We all have our own goals. Some are small; ‘must get home on time today’, and some are larger; ‘find a job I enjoy more’. Humanity’s greater needs, defined by the global sustainable development goals (SDGs), can be easy to overlook on a day-to-day basis. They occasionally align with our personal projects, but often don’t.
On a recent visit to the SDGs Impact Lab here in Oxford a set of cards caught my eye. Published by ‘Good Life Goals’ they help us define our own, personal contribution to the massive, sometimes overwhelming SDGs project. I have the cheery red one for 1 HELP END POVERTY on the corner of my desk. On the back it lists 5 things I can either do or keep in my mind, to play my individual part in ending poverty.
Some of these things I do already, and I’m hoping these extra reminders through this month will help me to act more consciously when I read the news, and chose who I buy from and where I invest. I’m not just making good decisions for myself and my community, I am helping (in a very small way) to end poverty everywhere.

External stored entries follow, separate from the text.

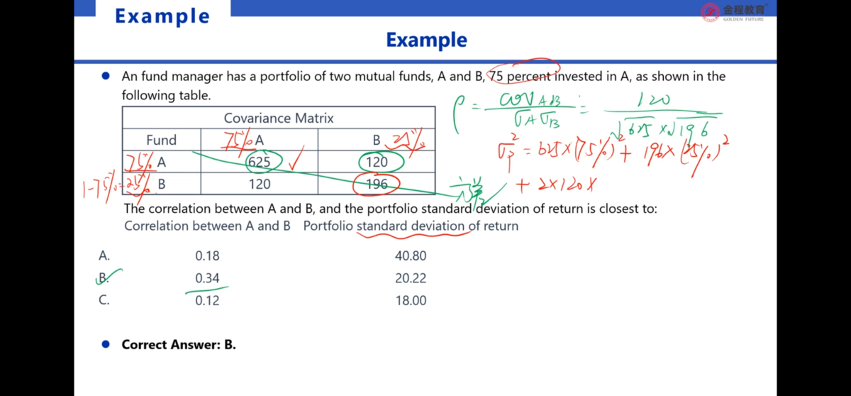 这里公示为啥是2×120(A和B的协方差)×权重,而不是2×A的方差×B的方差×权重?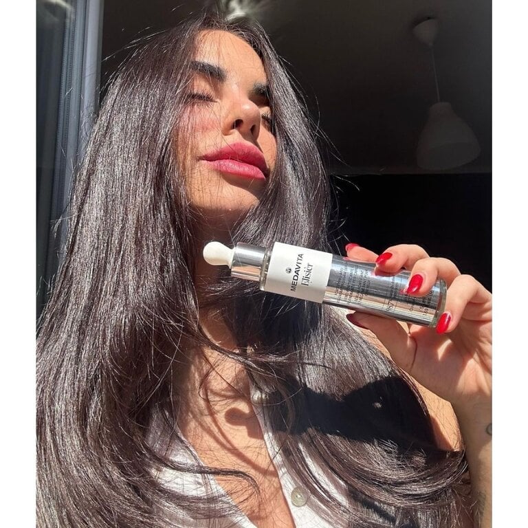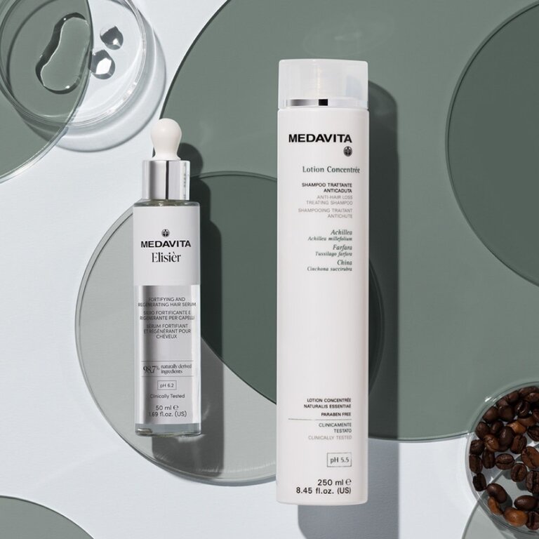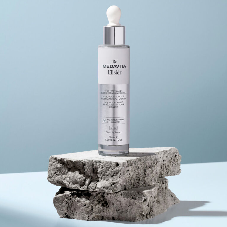 Le sérum fortifiant et régénérant "Elisièr" de Medavita augmente la force, la résilience, la brillance et le volume des cheveux, préservant leur vitalité et leur beauté dans le temps. Convenant à tous les types de cuir chevelu, ceux ayant tendance à se dégarnir et à la chute de cheveux peuvent tirer un grand bénéfice de ce soin quotidien ciblé. Fait de 98,7% d'ingrédients naturels, il stimule et préserve le potentiel énergétique dont les cellules du cuir chevelu ont besoin pour prospérer et fonctionner au mieux à tout âge. Grâce à ses principes actifs puissants, l’activité folliculaire s’améliore déjà 6 heures après l’application et jour après jour, la fibre capillaire retrouve volume et les cheveux sont plus forts, plus épais et plus brillants.
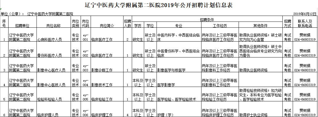 2019年辽宁中医药大学所属附属医院公开招聘人员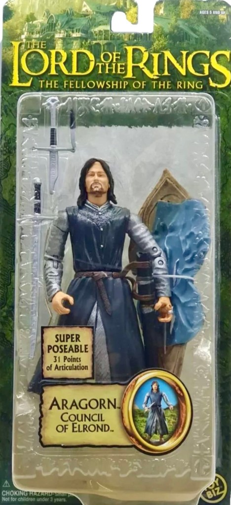 Toy Biz released four fantastic looking figures for the premier wave of the Epic Trilogy Series. This first wave included Council of Elrond Aragorn, Fiery Ringwraith, Galadriel Entranced and Super Poseable Frodo with Journal. This initial wave was themed to the first movie in Peter Jackson’s epic trilogy (no puns intended) with the Fellowship of the Ring.
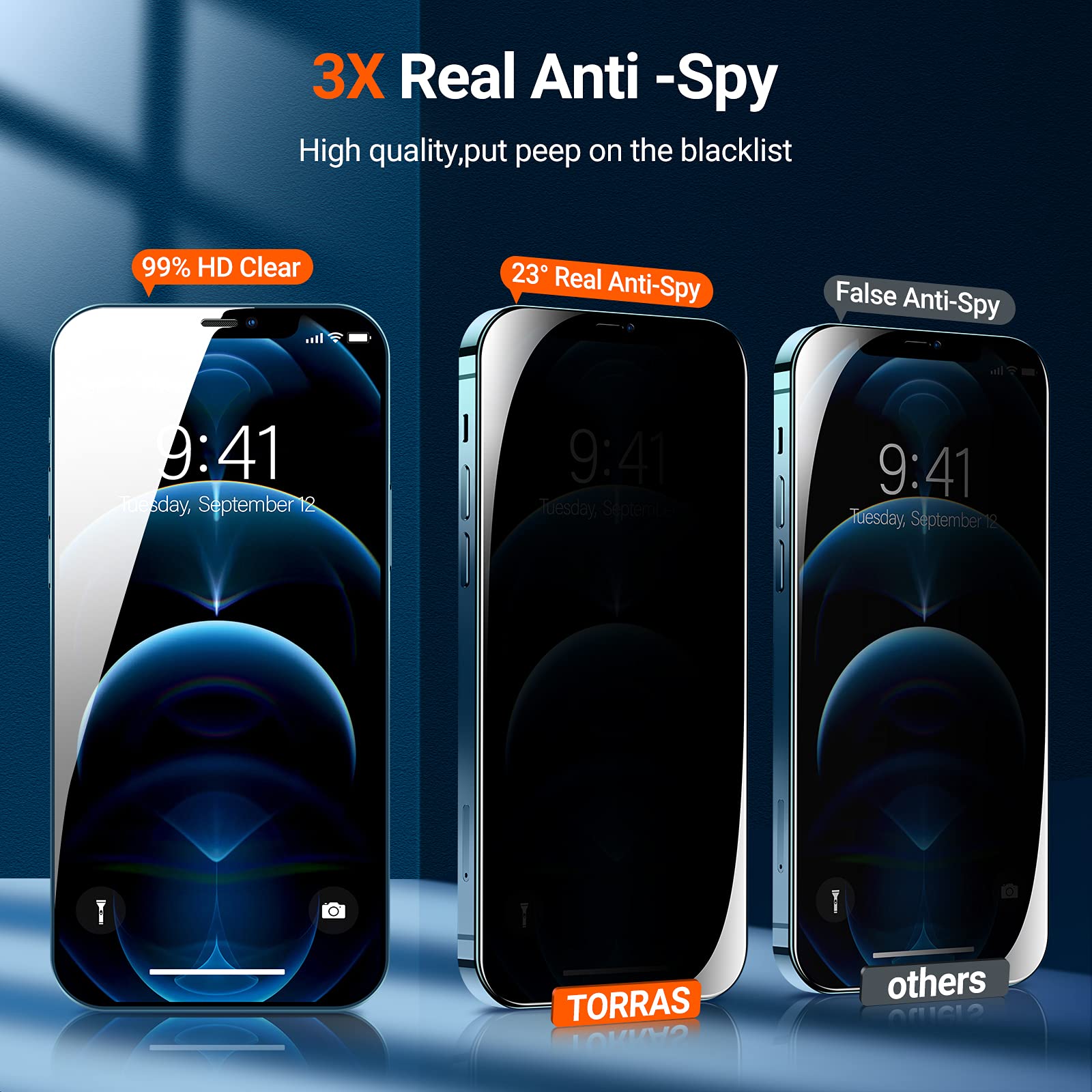 99.99% HIGH DEFINITION: TORRAS iPhone 12 Pro Max privacy glass screen protector break through the defects of the blurred picture of the privacy glass films on the market, highly restore the best visual feast brought by the iPhone screen. Anti-fingerprint, anti-smudge(Note: This protector has a special anti-peek coating, so turn up the display lightness will bring a better view experience)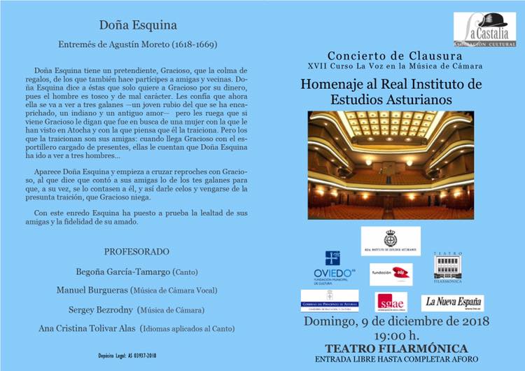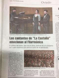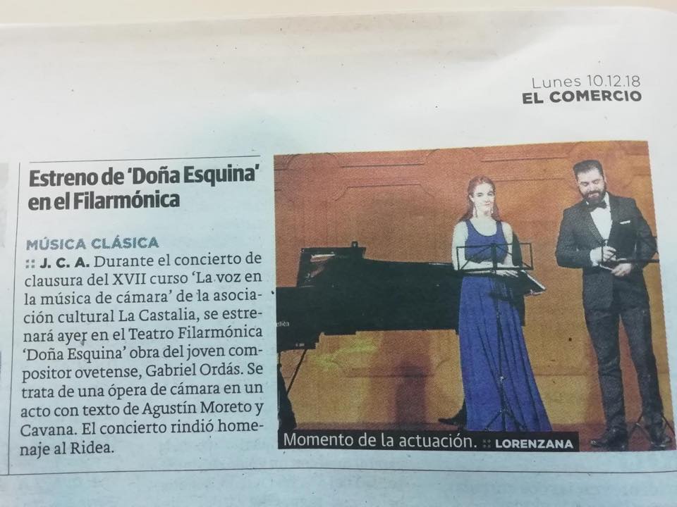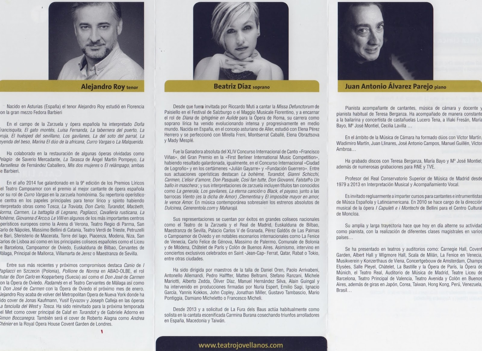 Miércoles 12 de diciembre, 20:00 horas. Teatro Jovellanos, Gijón: Gala Lírica Asturiana, Sociedad Filarmónica de Gijón. Beatriz Díaz (soprano), Alejandro Roy (tenor), Juan Antonio Álvarez Parejo (piano). Arias y dúos de Verdi, Cilea, Ponchielli, Catalani y Puccini. Entrada 26 €.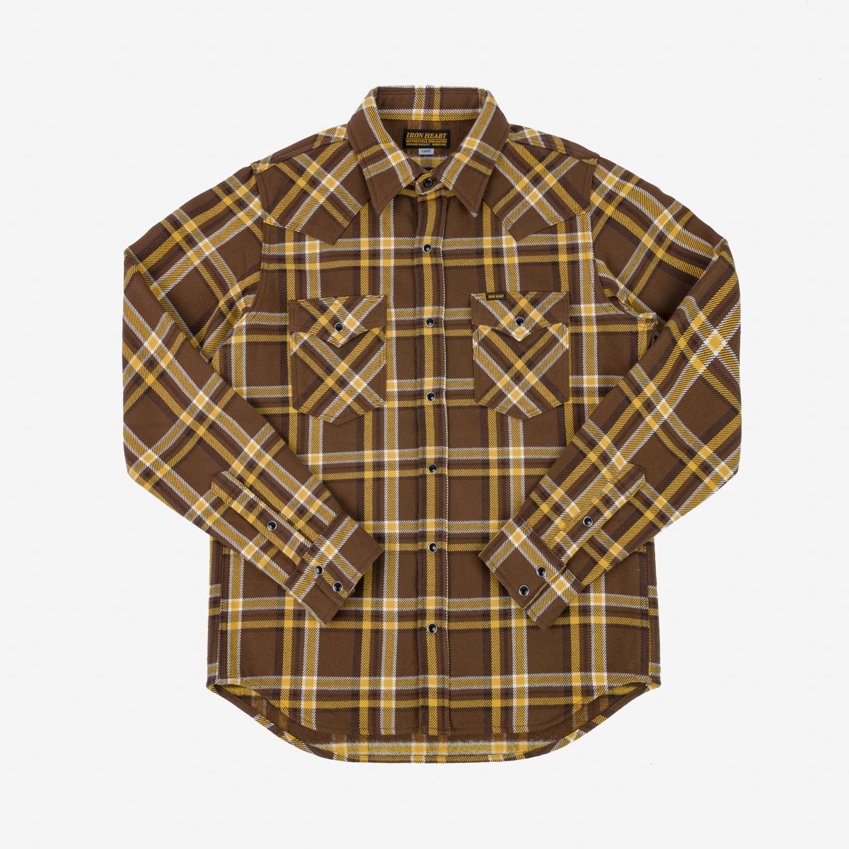The IHSH 372, is an ultra-heavy flannel (UHF) shirt. This western shirt is in an exclusive Iron Heart 12oz fabric, woven from Aspero cotton from the foothills of the Andes Mountains, double brushed on the inside and single brushed on the outside, resulting in a very soft yet heavy, thick, warm and windproof flannel....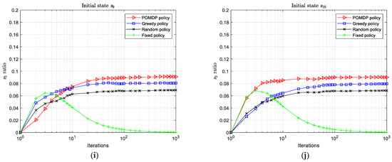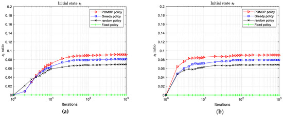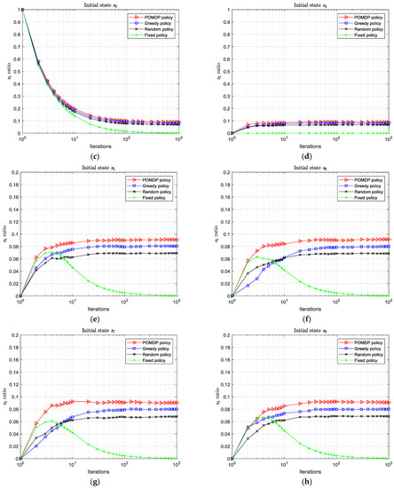 Parameter settings are as follows: discount factor , the initial belief state obeys a uniform distribution, and the SARSOP algorithm stops when the root gap reaches the expected gap ; the maximum time step .

I can almost certainly find ways to share and donate more and be even more careful where I spend money.
Good Life Goals have lots of resources for this programme, including a fun video which begins
For the goals to be reached, everyone needs to do their part; governments, the private sector, civil society,
https://youtu.be/bbrYODvkvGk?feature=shared&t=13
and people like you
Here at the Global Academy we work to show how researchers are contributing to achieving the 17 Global Goals. We are all individuals too, making choices and decisions every day that change the world around us. At a recent SDGs Workshop someone raised the question ‘What is enough and when do we have enough?’ Most rich countries, and the people who live in them, now have ‘enough’ by any measure, even though resources are unequally shared across their population.
Global poverty is a massive, wicked, interconnected problem. I can’t fix it on my own; I have to call on governments to act. But there are some things I can do myself.
The first in a series of 17 articles looking at personal actions and the Global Goals, using the framework suggested by Good Life Goals.